O que terá levado Walt Disney, após o sucesso monumental de “Branca de Neve e os Sete Anões” (1937), a se arriscar numa aventura que seria no mínimo dificilmente compreendida pelo público e pela crítica? Creio que por ser ele um gênio, estar à frente de sua época, dispor de temperamento audacioso e amar a música dos mestres.

“Fantasia” é um filme de experimentações que mistura cenas ao vivo com animações. A idéia básica é interpretar com imagens o que a melodia sugere e para tal oito peças clássicas foram selecionadas.

“Tocata e fuga em ré menor”, de Bach, é um ensaio de cinema puro, onde as imagens são aleatórias e apenas acompanham a música com seus movimentos. É interessante mas o filme inteiro não poderia ser assim.

“Suíte Quebra-Nozes” é o conhecido balé de Tchaikovski. Em vez da lenda do Rei Rato, porém, o que se vê é uma encantadora vinheta com elementais e habitantes marinhos, com impressionantes detalhes da animação mais delicada e estética, “o máximo em desenho”, como disse uma vez meu pai.

“O aprendiz de feiticeiro”, de Dukas, traz o Camundongo Mickey na sua estréia em longa-metragem. É a conhecida (e mostrada de forma engraçadíssima) história do personagem que libera forças que depois não sabe controlar. Não falta uma sátira à megalomania, com Mickey sonhando que controla as forças do universo.

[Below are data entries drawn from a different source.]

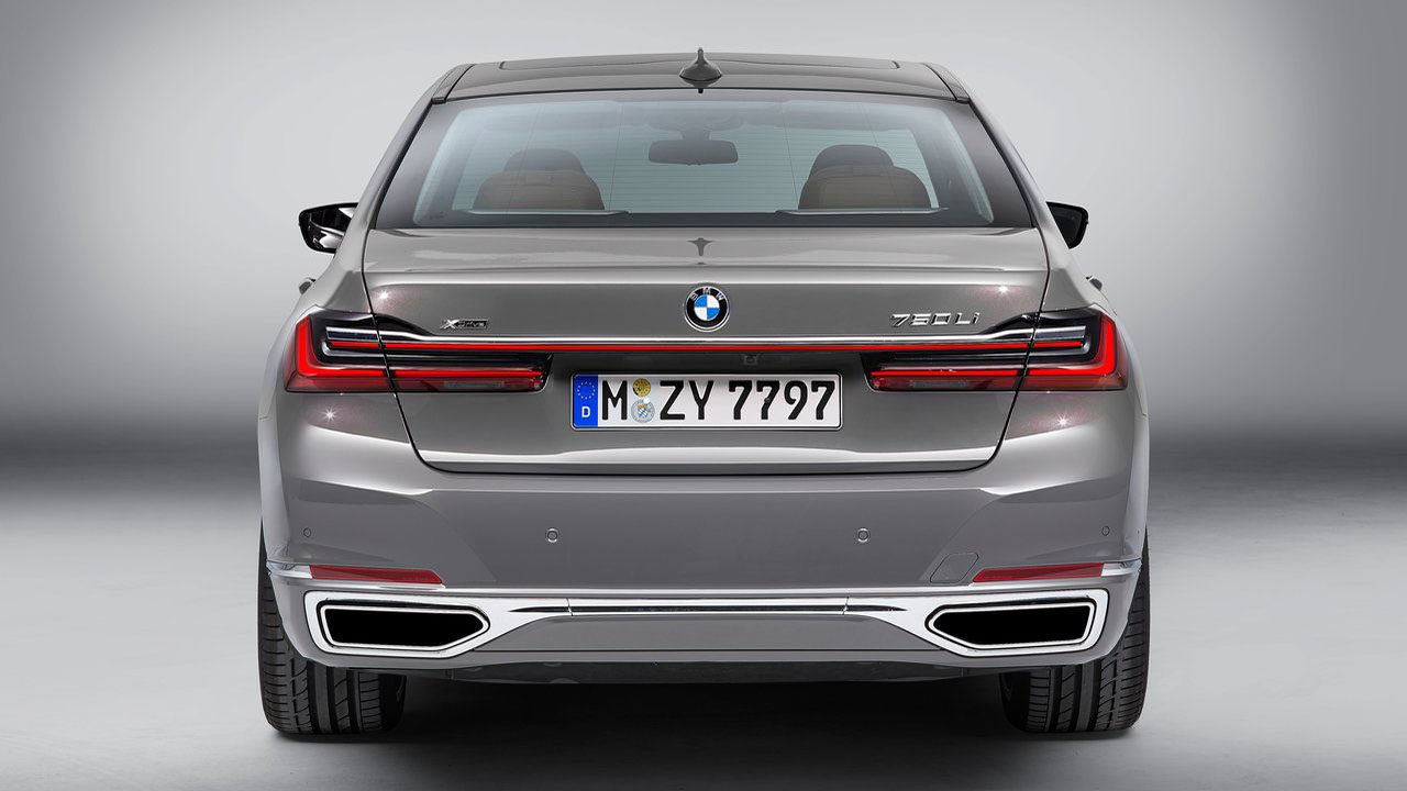 来到新款7系的尾部,感觉并没有前脸变化那么大,但是仔细观察后,会发现车尾的变化使得整辆车更加的年轻、运动。首先是尾灯组上,整体设计呼应了前大灯组,更加平直的设计风格,也运用了时下流行的贯穿式尾灯的设计。在细节上,尾灯组采用了新的内部设计,也运用了立体的元素,整个尾灯看起来十分的精致。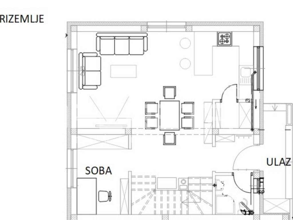 PRIZEMLJE: "open space" dnevni boravak s blagovaonicom, kuhinjom i ostavom, soba i kupaonica s wc-om.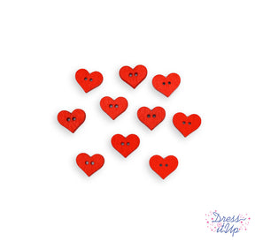 Tiny Wood Hearts Red 2-Hole Buttons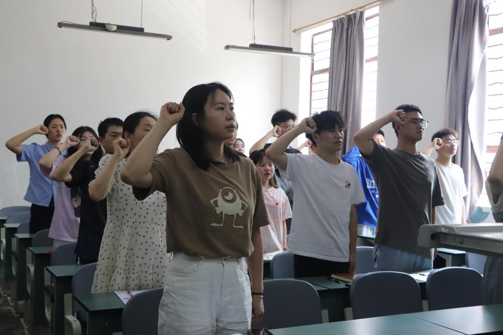 大会最后,潘维副书记带领转正党员宣读入党誓词,并就大会作了总结发言。他首先对大会通过按期转正的预备党员以及被接收成为预备党员的发展对象给予肯定并表示衷心的祝贺。其次,他强调要牢记入党誓词,永葆党性初心,在今后的学习、生活和工作中,仍需要用党章的标准严格要求自己,要坚定目标,努力改正现有不足,积极向优秀共产党员学习。同时要坚定四个自信、增强四个意识、做到两个维护,从身边小事做起,脚踏实地,更加积极向党组织靠拢,不断追求个人进步,在学生中起到模范先锋作用,争做一名合格党员。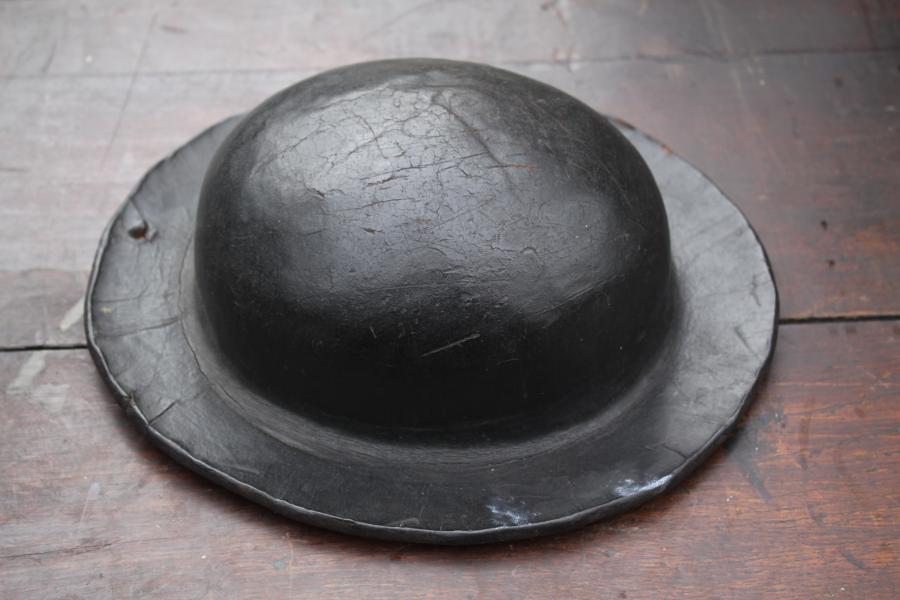 The great colour and almost fossilised hardness give the impression of great age. Probably a miners hat from the 19th Century
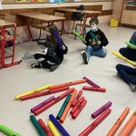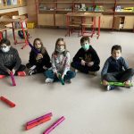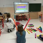 Pewnego dnia, uczniowie kl 4a i 4b poznali zasady gry na plastikowych bum bum rurkach. Potem przeszli do kolorowych zapisów melodii, gdzie każdy kolor oznaczał inny dźwięk.

“Sagração da Primavera”, de Stravinsky, pode até ter inspirado Spielberg. É a história da Terra até a época dos dinossauros. O ponto alto é a terrível luta entre o tiranossauro e o estegossauro.

“Sinfonia pastoral”, de Beethoven, serve de base a uma vinheta mitológica que me parece o arco mais fraco de “Fantasia”, assim mesmo com sequências interessantes.

Já a “Dança das horas” de Ponchielli apresenta aspectos hilariantes ao colocar como dançarinos avestruzes, hipopótamos, elefantes e jacarés.

“A noite no Monte Calvo”, de Mussorgsky, é uma peça terrificante sobre a noite de Walpurgis, ou sabá demoníaco — uma sequência de puro terror.

O mal, porém, é quebrado pela sublime “Ave Maria” de Schubert. Uma procissão segue em meio à maravilhosa melodia em honra à Mãe de Jesus Cristo.

Com esta demonstração de fé cristã Walt Disney encerra esta obra-prima inesquecível.

 

Rio de Janeiro, 12 de janeiro de 2018.